INVESTIGADORES
DI VIRGILIO Maria Mercedes
congresos y reuniones científicas
Título:
Interventions in the Inner City. Contradictions of Their Development: The Case of Buenos Aires City, Argentina
Autor/es:
HILDA HERZER; MARÍA CARLA RODRÍGUEZ; MARÍA MERCEDES DI VIRGILIO; ADRIANA REDONDO
Lugar:
Vancouver
Reunión:
Conferencia; Sociological Association Research Committee 21 on Sociology of Urban and Regional Development. International Conference: Urban Justice and Sustainability.; 2007
Institución organizadora:
ISA
Resumen:
There is an ongoing debate in recent years about the effects of investment and renewal processes in metropolitan areas.

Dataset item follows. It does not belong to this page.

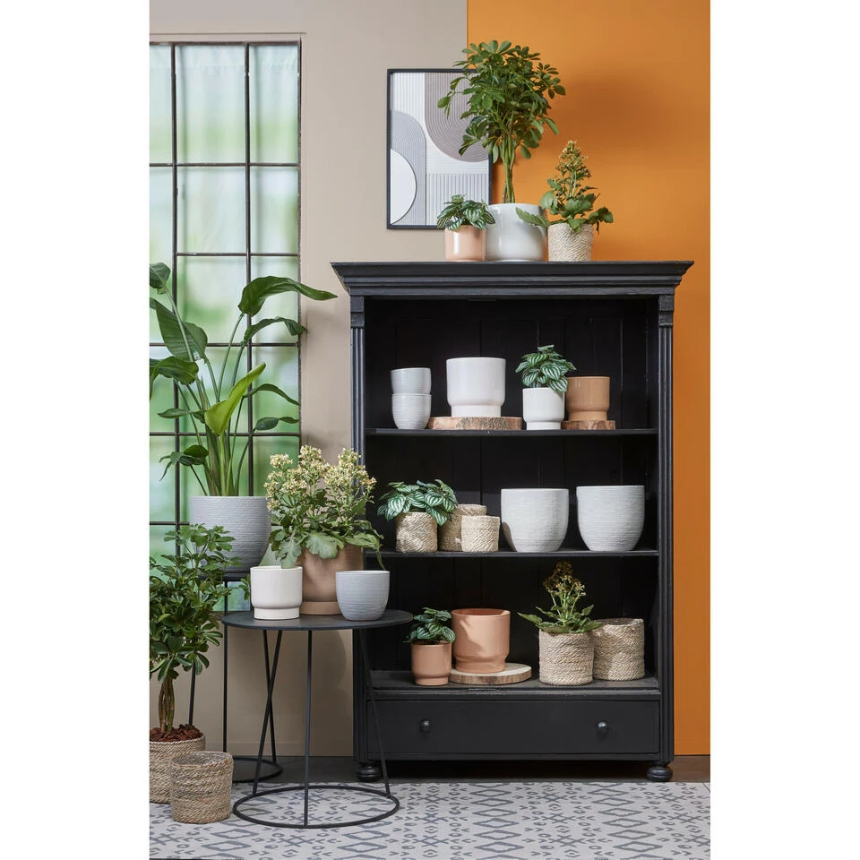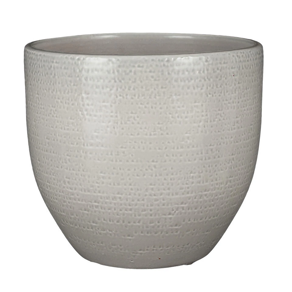 Plantenpot/bloempot van terracotta in de kleur lichtgrijs met een modern relief flakes patroon. Diameter 29 cm en hoogte 26 cm. Stijlvolle bloempotten voor binnen gebruik. Serie: Carrie. De zeer mooie potten met prachtige buitenzijde zijn met de hand gemaakt in Portugal. Derhalve is geen pot exact hetzelfde en hebben de bloempotten een echt karakter. Materiaal: Terracotta. Tip: zet een schotel onder de pot om eventueel lekken tegen te gaan. Potten van steen zijn niet 100% waterdicht.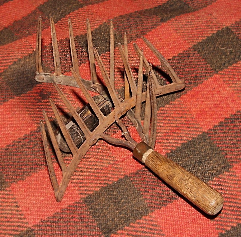 Togkambar, tveir, úr galvaníseruðu járni, um 18-19 cm langir. Á hvorum eru níu járntennur, 12,5 - 13,5 cm langar og ferstrendar. Handfangið á öðrum er úr dökkri eik, á hinum ljósri. Annað með einum, hitt með tveimur töngum fram úr.

Most certainly the tertiarization of the economy, the privatization of urban services, and the development of a real estate sector linked to the new forms of consumption and entertainment have all deeply changed the ways of economic, social and urban organisation of metropolitan Buenos Aires as from the 90s. “After almost 20 years of deindustrialization and divestment (deterioration of urban services and infrastructure, fall in real estate values) the great urban interventions in the 90s integrated ‘portions’ of the city into the globalized space and the networks society” (Keeling, 1996). These interventions had in common, that they were within a private sector logic recycling along the lines of a similar model  spaces previously devoted to activities now regarded as obsolete (Puerto Madero, the former docks; El Abasto, the ancient food supply market; soon Retiro the former multiple railway terminal. Such interventions requalify portions of territory enhancing the contrasts between a degraded Southern area and the more modern and dense Northern sections of the city of Buenos Aires.   For years, the role of the State through public policies was supposed to be aimed at integration –or, as some observers have called it “a great homogeneity within heterogeneity” (Kessler, 1999).  Is it perhaps that against the current background the trend has dramatically shifted and the private sector logic is changing parts of the city outside or against that previous aim? Or maybe we are facing a tendency headed for greater homogeneity of the urban territory in economic and social terms? Or, what is really prevailing is indeed displacement and exclusion?   Within this framework, this paper is aimed at approaching the ways informality(ies) is(are) defined around the habitat in consolidated urban areas and attempting to account for its(their) different links with the public policies sphere. The main questions of this inquiry are, among others: what are the components of informality in consolidated urban areas? How are those components linked (or not) to the insertions in the labour market, to the access to consumption (housing), and so forth? Is it possible to identify extents/degrees of informality not solely associated with housing?  How do public policies address these issues?